READ: form.values.url

Storage holds your raw input verbatim. Sentinels never reach this surface.

(empty)

CACHE log

Each unique URL hits the simulated API once. Repeats reuse the cached answer.

No URLs checked yet. Type a value and blur the input.

What the form needs to do

A signup form takes a site URL. Users type informally (example.com, not https://example.com). The form has to:

  1. Accept whatever the user types verbatim, so the input cursor never jumps under their fingers.
  2. Augment the value to a full URL when checking it.
  3. Ask the backend whether the URL is already taken.
  4. Surface a specific message for each failure mode: empty, malformed, or taken.
  5. Avoid hammering the backend on every keystroke; reuse previous answers.

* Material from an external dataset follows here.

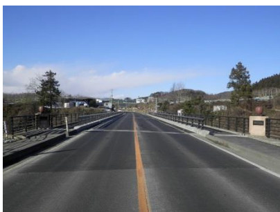
橋梁補修のエキスパート

Preprocess and async refine map onto that work cleanly. Preprocess prepares the value (trim, add protocol, decide whether it's URL-shaped at all). Refine validates it (ask the backend, surface a message). Storage stays as the user's raw text, so re-rendering, persistence, and history all carry the input the user actually typed.

The schema

Hoist the schema next to the form so the type flows through useForm cleanly. Two sentinels (EMPTY_URL and INVALID_URL) bridge the two layers; both are strings so the inner z.string() accepts them, and refine recognizes them by exact equality.

import { useForm } from 'attaform/zod'
import { z } from 'zod'

const EMPTY_URL = '__atta:empty-url__'
const INVALID_URL = '__atta:invalid-url__'

const TAKEN = new Set(['https://google.com', 'https://apple.com', 'https://github.com'])
const availabilityCache = new Map<string, boolean>()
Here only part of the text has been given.